Your assignment
Reproduce exactly the first line of the material below and every line after it, ending with the line that contains "반면 면책적 채무인수라면, 채무를". No pictures should be copied.
☆ ☆ ☆ ☆ ☆ ☆ ☆
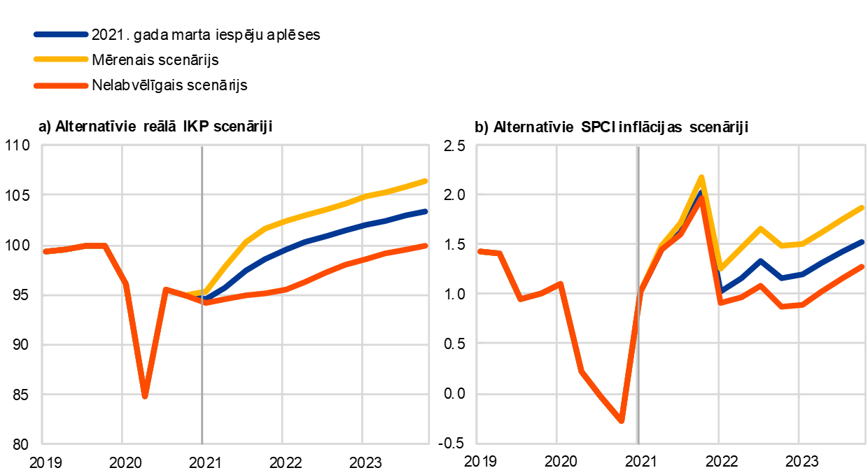 Tā kā joprojām valda būtiska nenoteiktība par Covid-19 pandēmijas turpmāko attīstību un tautsaimniecībai nodarīto kaitējumu, divi scenāriji, kas ietver ECB speciālistu 2021. gada marta iespēju aplēšu bāzes scenārija alternatīvas, ilustrē iespējamās Covid-19 pandēmijas ietekmes uz euro zonas tautsaimniecību diapazonu.
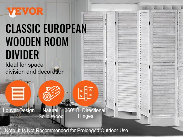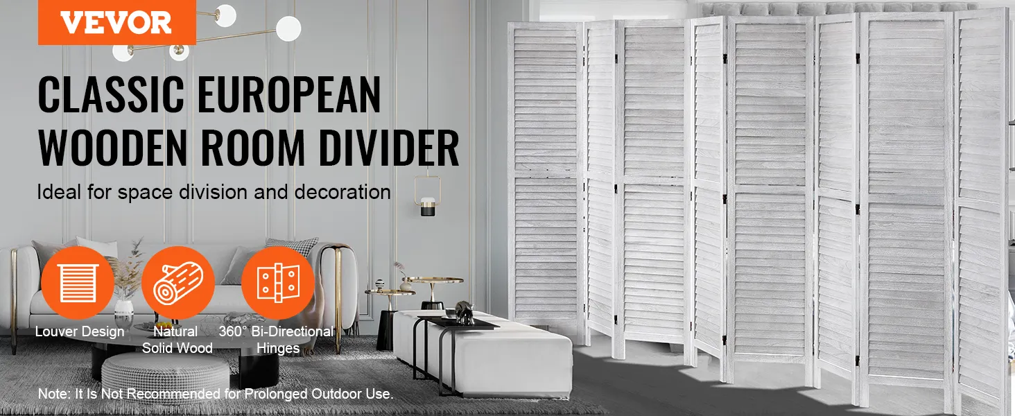 Klassiek Europees ontwerp: deze rustieke scheidingswand van 325 cm bestaat uit acht elegante panelen in Europese stijl, die voldoende privacy bieden voor elke kamer. Het strakke lamellenontwerp dient zowel als stijlvol privacyscherm als als decoratief element, waardoor de esthetiek van uw huis moeiteloos wordt verbeterd.
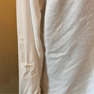 This is a like new white button front top from Chicos in size 2 or med. No stains or rips. The sleeves can be worn long or rolled up and buttoned. Two front pockets. Measures 26” long and 22” across the bust. I am also including a lovely white beaded necklace that has 10 strands of various white beads to match any outfit.
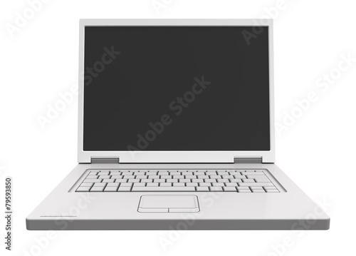 © Piotr Pawinski, Fototapeta premium Laptop with blank black screen isolated over white.
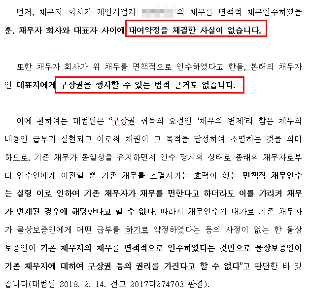 반면 면책적 채무인수라면, 채무를 넘긴 개인(대표자)은 채무자의 지위에서 탈퇴하고, 법인이 추후 그 채무를 변제한다고 하더라도 기존의 채무자(개인사업자였던 대표자)에게 구상권을 행사할 여지가 없다.
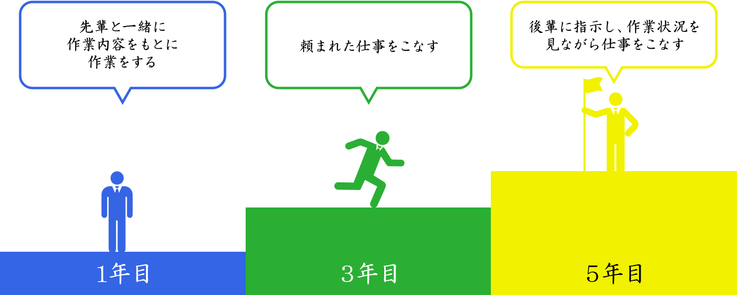 | 職務の目的 | 様々な現場と仕事を経験しながら機械器具据付の施工管理を目指す | これまでの経験を活かし当社のやり方の良い所を身に付け、上記のレベルを目指す |
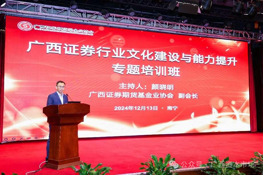 为推动辖区证券期货经营机构深入学习贯彻党的二十届三中全会精神,全面落实广西证监局关于证券基金行业文化建设的工作部署要求,切实提升从业人员的专业素养和职业道德,12月13日,广西证券期货基金业协会(以下简称“协会”)于南宁成功举办证券行业文化建设与能力提升专题培训班。培训班邀请了广西证监局机构监管处副处长李倩女士、湖南省证券业协会常务副会长兼秘书长刘丹岳先生、兴业证券数智金融部总监高文彬先生等领导专家现场授课,辖区各证券期货机构负责人及合规管理人员200余名精英现场参与。协会领导主持培训活动。培训伊始,协会领导在开班致辞中阐述了行业文化建设对证券期货机构发展的重要意义,通报近期在广西证监局指导下协会围绕“合规、诚信、专业、稳健”这一行业文化核心价值观所开展的一系列活动及取得的成果。呼吁各会员单位要把行业文化建设融入日常、融入经营,以实际行动践行文化理念,共同推动行业文化的繁荣发展,为行业高质量发展贡献力量。培训课程精心策划,实现了行业自律与证券监管的深度融合。首先,李倩副处长以日常监管中的常见问题为切入点,结合投诉举报的真实案例,深刻剖析了当前广西证券期货行业文化建设的现状与挑战,着重强调了行业纠纷诉源治理的紧迫性与重要性。同时强调,行业机构需切实承担起主体责任,加强内部管理,深化合规意识,不断提升从业人员的职业素养与道德水准。随后,刘丹岳会长围绕如何有效推进辖区行业文化建设这一主题,结合湖南省的实践经验与典型案例,从打造投资者教育基地、开展多元化活动、构建全面课程体系、深化课题研究、树立行业标杆等多个维度,为参会者提供了构建具有证券期货行业特色的文化体系的宝贵思路。最后,高文彬总监针对客户投诉最为集中的几类问题,结合生动案例,深入分析了行业矛盾纠纷的现状、根源及发展趋势,并分享了高效治理策略与投诉处理技巧,为提升行业服务品质与客户满意度提供了有力支撑。三位领导老师的精彩讲授赢得了参会者的广泛赞誉与高度评价。下一步,协会将在广西证监局的指导下,坚定不移地推进行业文化建设工作,深化从业人员的合规理念,积极营造行业健康发展的良好氛围,以更加精准高效的工作举措,为辖区资本市场的健康平稳运行与高质量发展注入强劲动力。
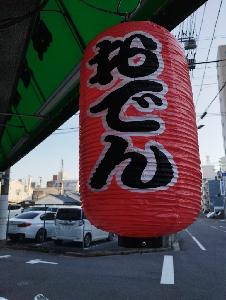 暖簾は新しめ、ターコイズブルーっていうのかい?イカシた色だな…。円形の看板もよろしい。ほんなら、一呼吸おいてから、入店するゼ…?
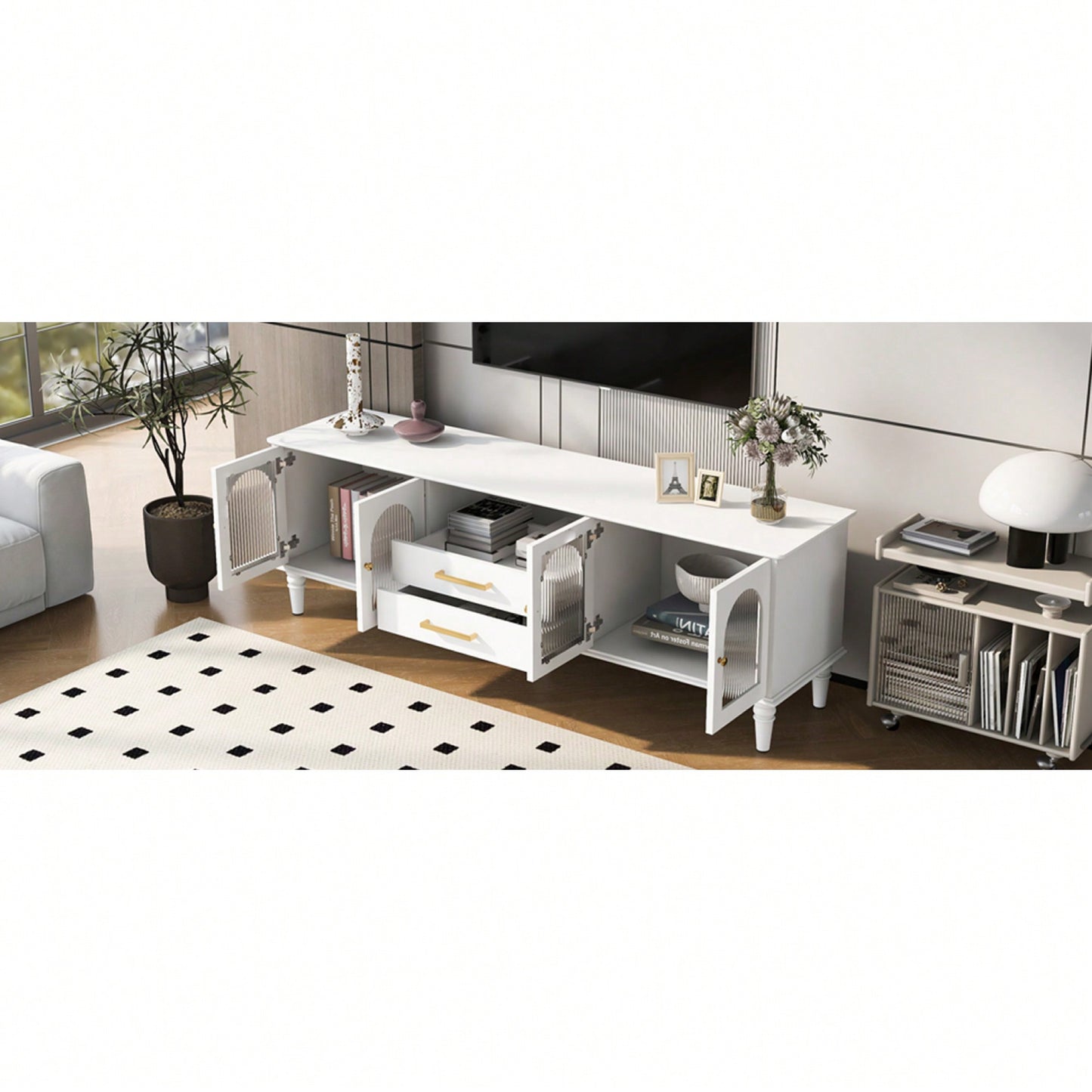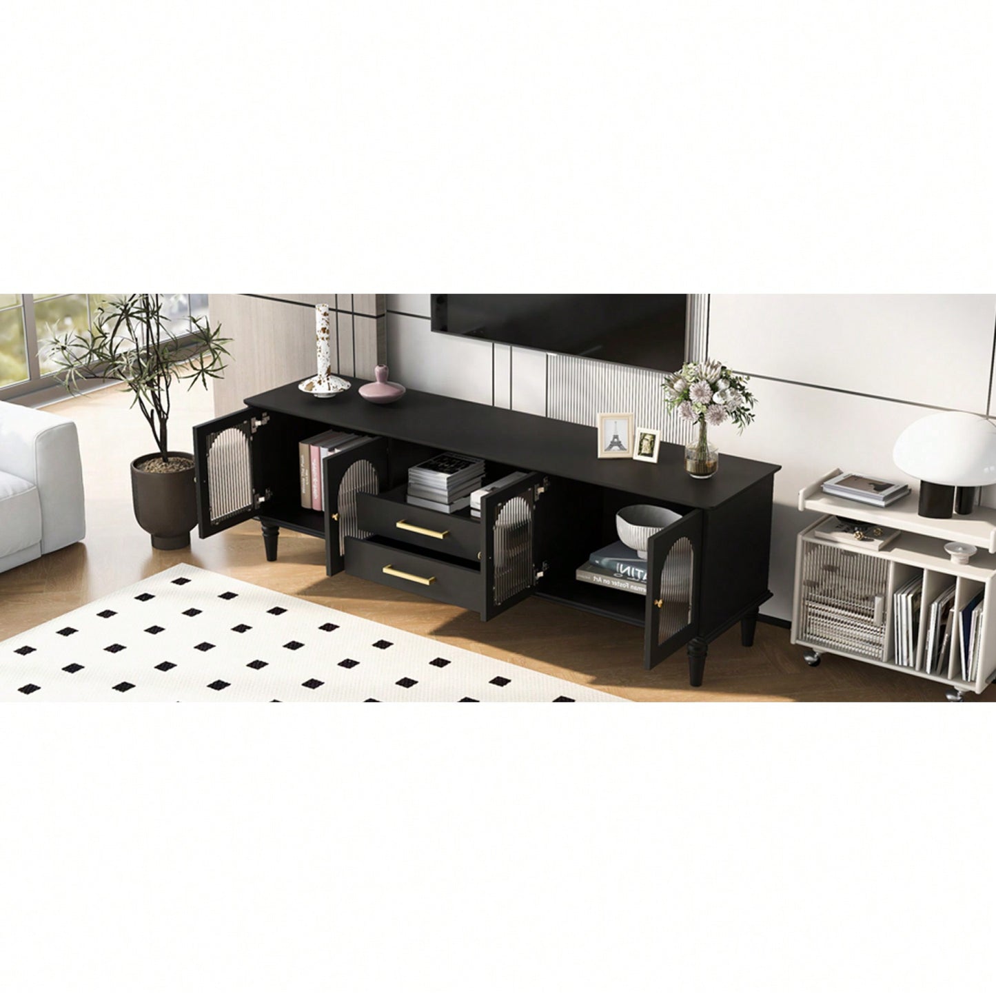 Retro TV Stand For TVs Up To 75 Inches Entertainment Center With Fluted Glass Doors And Solid Wood Legs For Living Room
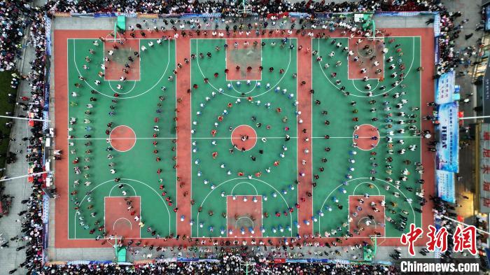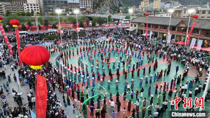圖為“動(dòng)感卓尼”鍋莊舞演出現(xiàn)場(chǎng)。(無(wú)人機(jī)照片)中新社記者 九美旦增 攝
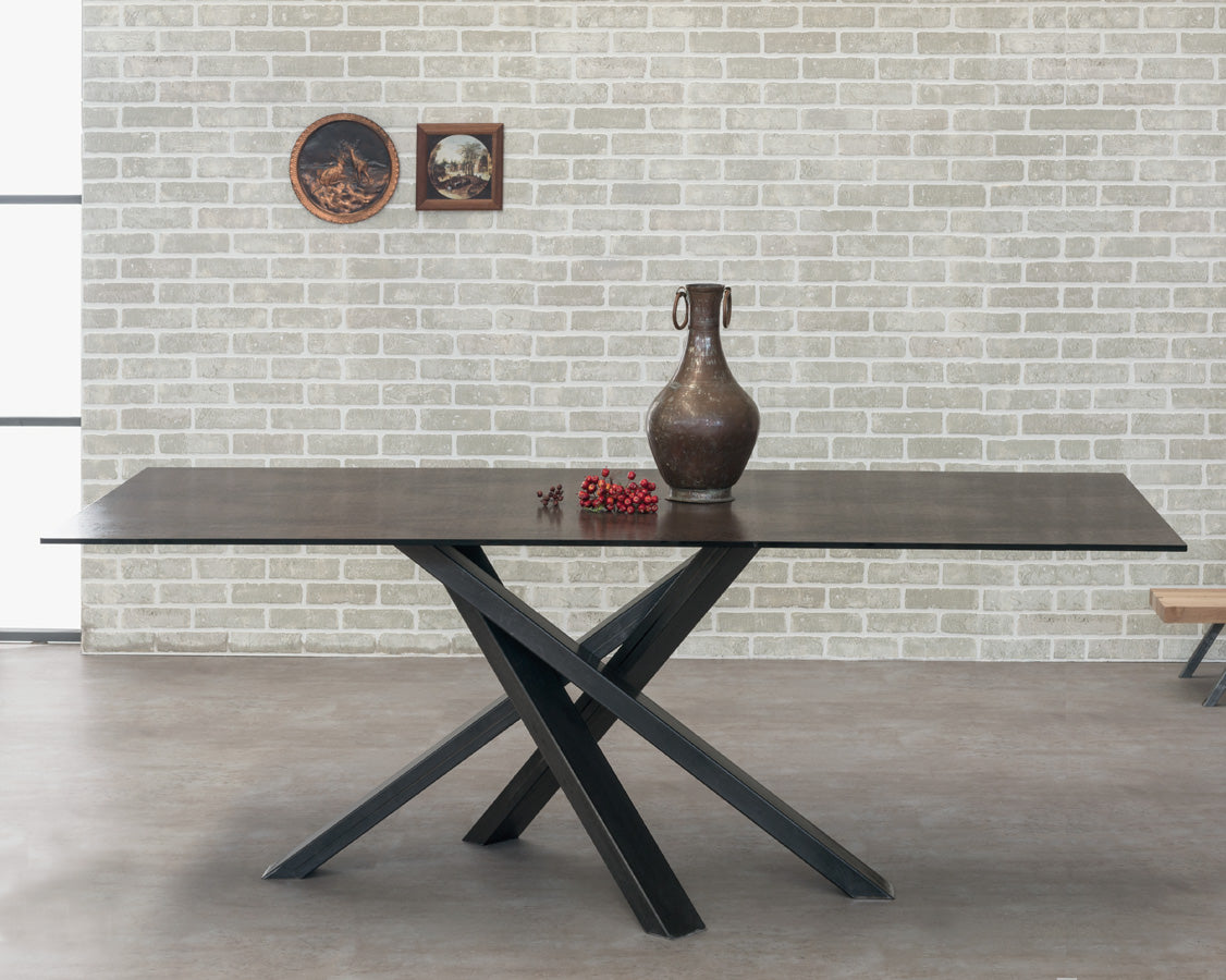 Tavolo da salotto fisso Orson composto da gambe incrociate in metallo e piano in vetro. Disponibile in misure ampie come cm 180×90 o 200×100, il nostro tavolo design sarà impattante ed elegante in qualsiasi contesto venga inserito. Realizzato con attenta lavorazione artigianale Made in Italy.
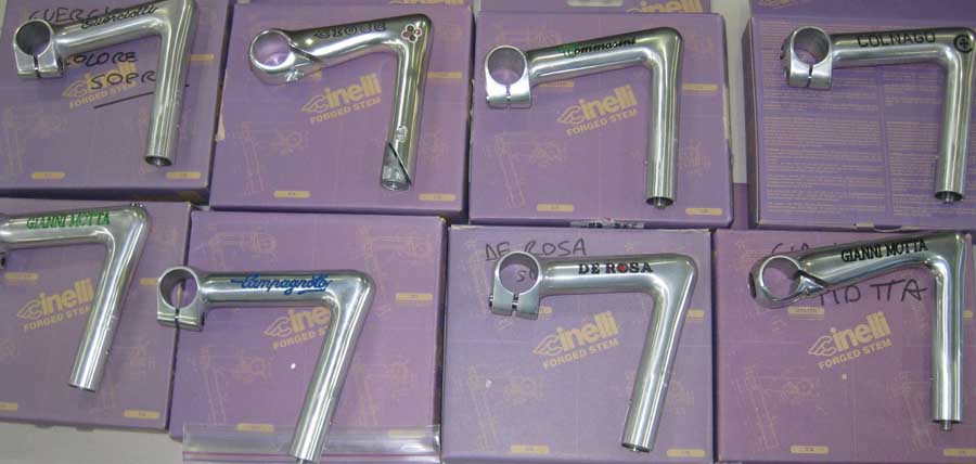 an array of Pantographed Cinelli stems,-Colnago, Merckx, Motta, De Rosa, etc.
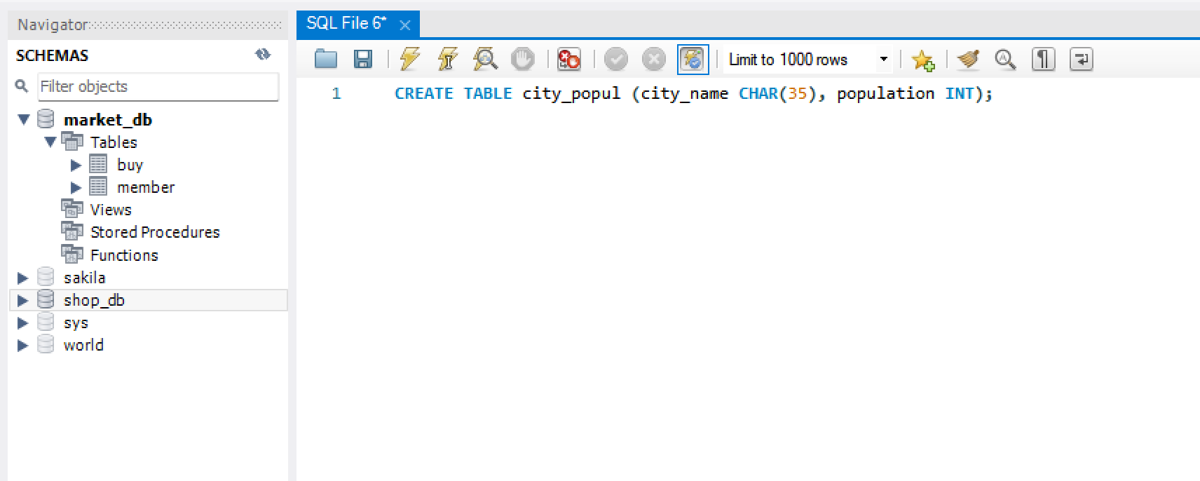 도시 이름과 인구를 가져오기 위해 먼저 테이블 만들기
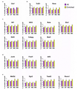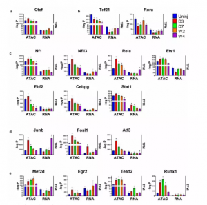 接下來分析每個分組中這17個TF motif在遠(yuǎn)端ATAC-seq 峰中的結(jié)合位點,發(fā)現(xiàn)與未受傷組相比,對應(yīng)的靶基因在MI后的分組樣本的心臟成纖維細(xì)胞中是上調(diào)的。分析結(jié)果說明除了Ctcf,大多數(shù)MI后的分組樣本中的TF motif在遠(yuǎn)端ATAC-seq峰對應(yīng)的上調(diào)靶基因區(qū)域中的富集程度高于所有遠(yuǎn)端ATAC-seq峰(圖7a-e)。
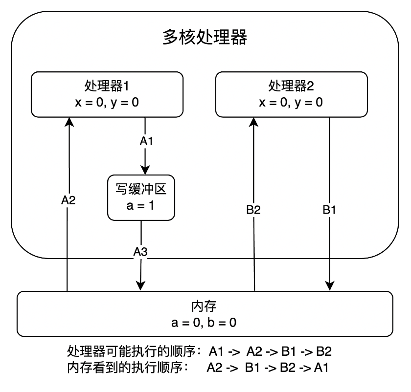 3)假设处理器A和B,都没及时回写变量a和b值到内存。那么这时结果是:x等于0,y等于0;
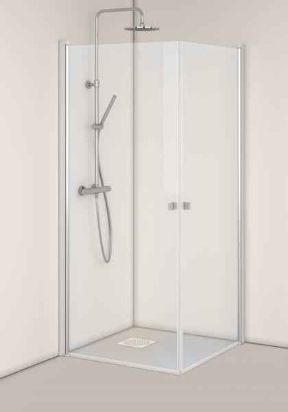 Brusehjørne: Monteringsvenligt brusehjørne med limbare profiler i aluminium. Nemt at installere og justere for én person, InstaQuick™. Vendbare døre. 6 mm hærdet sikkerhedsglas. 8 mm frihøjde fra gulvet. Højde 2000 mm. Kan monteres med udvendige 12-mm-rør, cc 35 mm. 18 mm glideskinne medfølger.
☆ ☆ ☆ ☆ ☆ ☆ ☆
Solution below
 Tā kā joprojām valda būtiska nenoteiktība par Covid-19 pandēmijas turpmāko attīstību un tautsaimniecībai nodarīto kaitējumu, divi scenāriji, kas ietver ECB speciālistu 2021. gada marta iespēju aplēšu bāzes scenārija alternatīvas, ilustrē iespējamās Covid-19 pandēmijas ietekmes uz euro zonas tautsaimniecību diapazonu.
 Klassiek Europees ontwerp: deze rustieke scheidingswand van 325 cm bestaat uit acht elegante panelen in Europese stijl, die voldoende privacy bieden voor elke kamer. Het strakke lamellenontwerp dient zowel als stijlvol privacyscherm als als decoratief element, waardoor de esthetiek van uw huis moeiteloos wordt verbeterd.
 This is a like new white button front top from Chicos in size 2 or med. No stains or rips. The sleeves can be worn long or rolled up and buttoned. Two front pockets. Measures 26” long and 22” across the bust. I am also including a lovely white beaded necklace that has 10 strands of various white beads to match any outfit.
 © Piotr Pawinski, Fototapeta premium Laptop with blank black screen isolated over white.
 반면 면책적 채무인수라면, 채무를 넘긴 개인(대표자)은 채무자의 지위에서 탈퇴하고, 법인이 추후 그 채무를 변제한다고 하더라도 기존의 채무자(개인사업자였던 대표자)에게 구상권을 행사할 여지가 없다.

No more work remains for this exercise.